Само собой, боги — они не похожи на людей теперь и прежде не были таковы. Они не отвечали словами, не включались в споры. Но сказанное искренне, от души, вписывалось в единую книгу бытия и делалось значимым. А когда не удавалось достичь понимания, когда пробегала трещина, разделяя единое и разрывая связи миров, — тогда обращались к сильным средствам.

С твердью общались редко, она непостижима в своей неспешности. У огня советов искали с большой опаской — его лучше не тревожить, вспыльчивый… Довольно часто пели для вод: потому что вода и есть сама память.

Но охотнее и внятнее всего людям отвечал воздух. Он принимал и пение, и воскуривание благовоний, и танец. Пребывая в крайней нужде, люди говорили: «Надо принять в семью гостя, вместе сладится и непосильный путь».

Приглашая ветер, танцевали, вкладывая в движение тела — душу. Срезали прядь волос, произносили клятву и ждали гостя, заранее выбирая имя и отстраивая дом… Потом что-то надломилось, ослабла связь миров. Может, душа у людей подостыла? Кто знает. Уклад жизни переменился, место богов в душе сделалось малым, а место повседневного — главным.

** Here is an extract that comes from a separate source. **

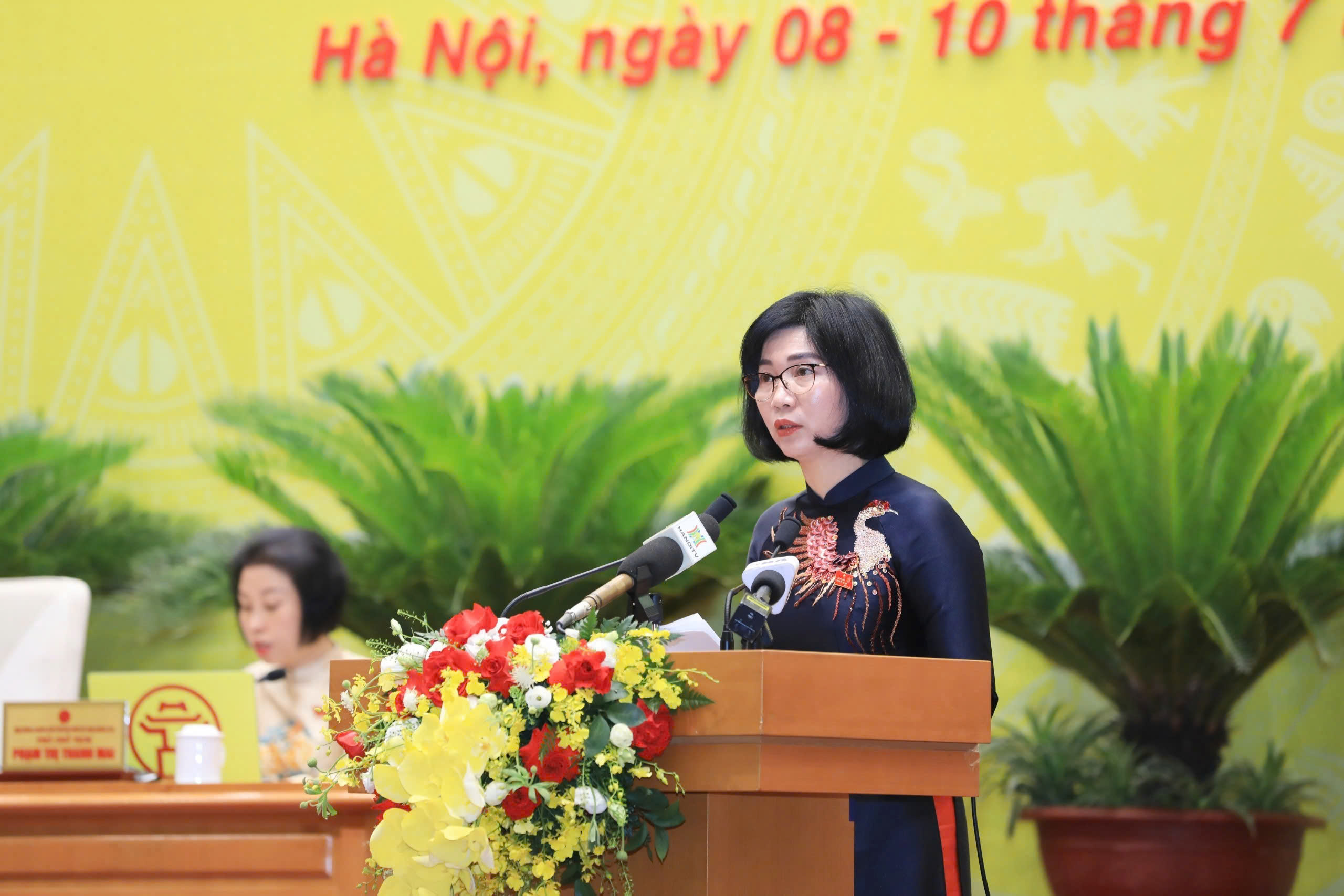 Phó Chủ tịch Thường trực HĐND thành phố Phùng Thị Hồng Hà báo cáo tại kỳ họp

Боги тоже переменились, ведь они хоть и не умирают, но перерождаются. Слои мира разделились, отошли один от другого. Те, кого люди звали через танец, оказались в нелепом положении нежданных, мимохожих странников. Они будто бы застревали на полпути, еще не люди — и уже не ветры…

Нэрриха горько усмехнулся и щелкнул притихшую Зоэ по носу.

— Душа сильнее всякого закона. Знаешь, вот гляжу на тебя и думаю: неумный я. Обвинил плясуний и такого наворотил… а не все виноваты. Только пустотопки. Если бы ждали и звали с наполненным сердцем, все было бы хорошо.

— Ну и дела! То есть ты — прям почти что бог? — шепотом ужаснулась девочка.

— Нет! — сразу отказался нэрриха. — В исходном звучании наше название было короче и проще, нечто вроде «раха». Отрезанная прядь… Малая часть целого, ломоть, неполнота, ходячий вопрос, грива ветра, текущая сквозь пальцы, неуловимая, но все же пойманная, как репей, волосами плясуньи.

— Это точно — сказка? — подозрительно хмыкнула Зоэ. — Ты же есть, ты спас меня. И тот злой, он тоже был взаправду. Все время требовал, чтобы я плясала. Ждал чего-то и лупил. Кормил не досыта: я не справлялась с делом, важным ему.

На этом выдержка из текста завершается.